Sınıflı toplumun ana çelişmesi; sömüren sömürülendir. Ezen ve ezilendir. Sosyalizm, bu çelişmeleri ortadan kaldıracağı için, gelmesi ve yeni bir toplumsal düzen olarak insanlığın tarihi olması elzemdir. Burjuva sınıfın tüm engelleyici çabalarına karşılık, insanlık bunu getirmeye müktedirdir. Çünkü, insanın doğası, sınıflı toplumlara uygun değildir. Sınıflılık, insanın doğasına çok sonraları sokulmuştur.

300 bin yıllık insanlık tarihinin sadece son on binyılı sınıfılı toplum tarihidir. İnsanlık 290 bin yılını ilkel komünist toplum olarak yaşamıştır. Yani, sömürü ve sınıfların olmadığı, ezen, ezilenin olmadığı doğal insanlığı içinde yaşamını geliştirmiştir. Bu anlamda, komünizm bir ütopya değil gerçektir. Yaşanmış ve yeniden yaşanacaktır. Sömürüsüz, sınıfsız ve sınırsız toplumsal yapı insana yabancı değil, onun binlerce yıllık doğallığıdır. Sınıflı toplum yapısı insan doğasına bir paslı hançer gibi sokulmuştur ve insanın doğallığına yabancıdır. İnsan, bu hançeri kendi bünyesinden çıkarmadan, kendi eliyle yarattığı kaos ortamından asla kurtulamayacaktır.

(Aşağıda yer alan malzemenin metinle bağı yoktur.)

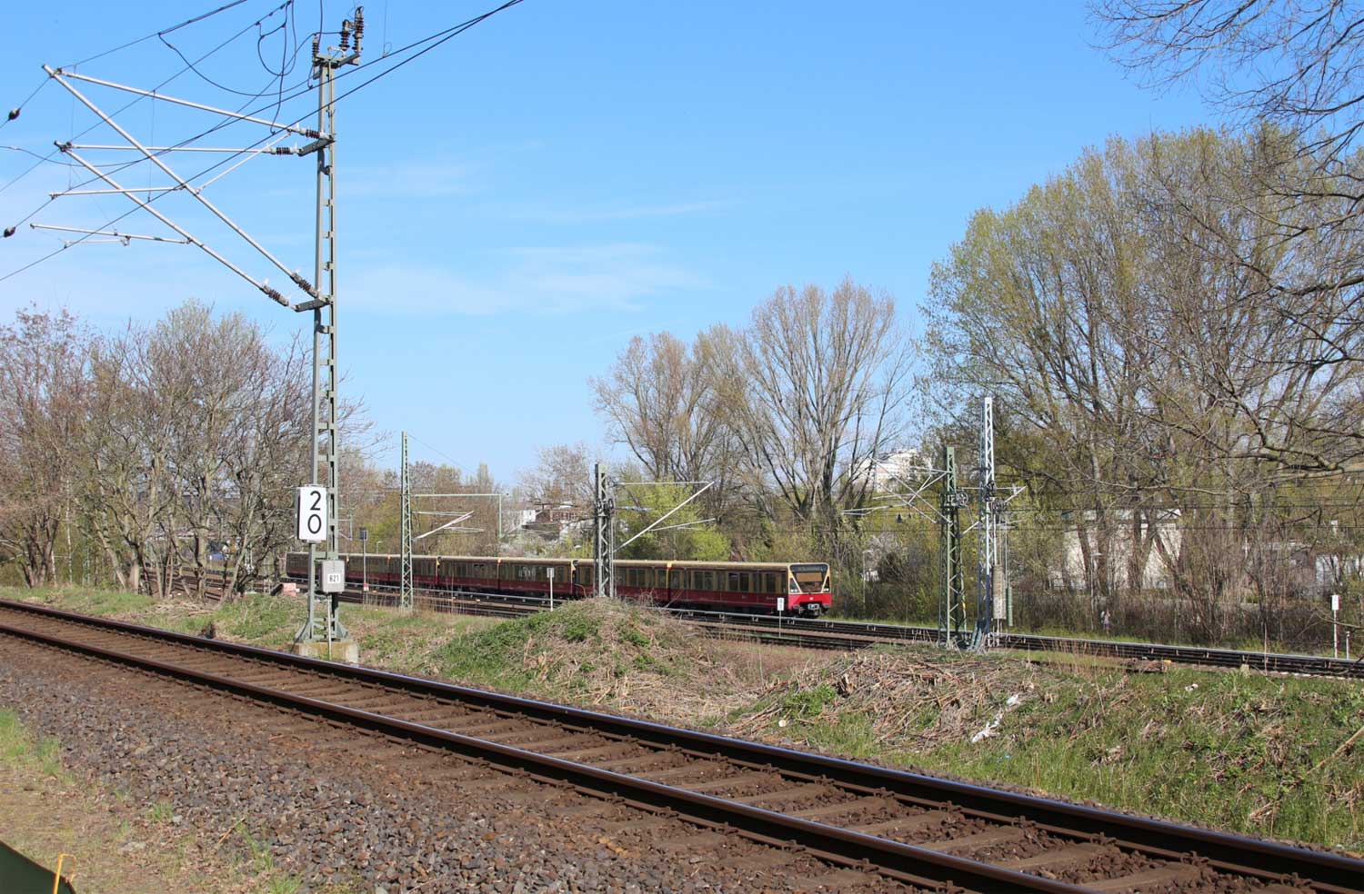 Durch dessen Damm verdeckt das Gegenrichtungsgleis der Schlesischen Bahn (6153) und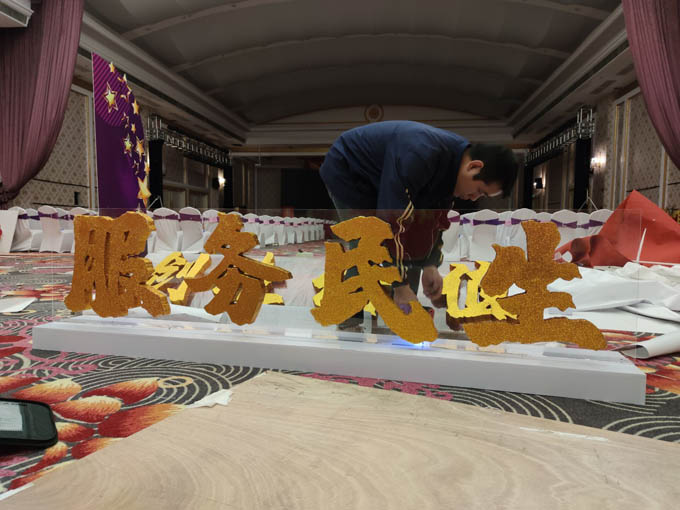 下圖:在安裝立體字,泡沫字當(dāng)中,金色的字體,非常有視覺(jué)的沖擊力。

Kapitalist sistemde emek-sermaye çelişmesi olarak ortaya çıkan sömüren-sömürülen olgusu, sermayenin emek üzerindeki egemenliğine son vermeden çözülme olasılığı yoktur. Tarihin gerilerinde kalan toplumların bağrında taşıdığı sınıf çelişmeleri (sömüren-sömürülen, ezen-ezilen), nasıl çözülüp günümüze kadar geldiyse, bundan sonrada aynı şekilde, eski olanın yıkılıp yeni olanın eskinin yerini alması toplumsal diyalektiği devam edecektir.

Kapitalizmi ebedileştirerek toplumsal “tarihin sonu”nu yazanlar, keskin sınıf çelişmelerini yok sayarak, proletaryaya “elveda”, burjuvaziye ise sonsuz bir yaşam vadedenler, elbette, belli bir sınıfın, burjuva sınıfın çıkarlarına hizmet etmek amacıyla bu politik-ideolojik argümanları sıralamaktan vazgeçmeyeceklerdir.

Bütün toplumsal devrimler; toplum içinde var olan çelişmelerin bütün sınıfları politik arenaya çekecek düzeyde keskinleştiğinde gerçekleşmiştir. Ve devrimler yalın ve temel sınıf çelişkileri temelinde başarıya ulaşmıştır.

Kapitalist üretim ilişkileri üretici güçlerin önünde engel olmaktadır. Bu her saniye, her saat ve her gün, çelişmelerin bir ucunda olan proleterya ile çelşmelerin başını tutan burjuvazi arasındaki sınıf çatışmasını içeten içe büyütmektedir.

Üretim araçlarındaki muazzam gelişme, üretimin devasa toplumsallaşması, ama mülkiyetin ise üretimin toplumsallaşmasının tersine, devasa olarak çok az kişinin (tekelin) elinde toplanması (zorla gaspedilmesi) ve bunun karşısında ise toplumun büyük bir bölümünün mülksüzleştirilerek ücretli köle haline getirilmesi; sınıf çatışmasını günden güne körükler ve bir o kadarda toplumsal çürümeyi de beraberinde getirir.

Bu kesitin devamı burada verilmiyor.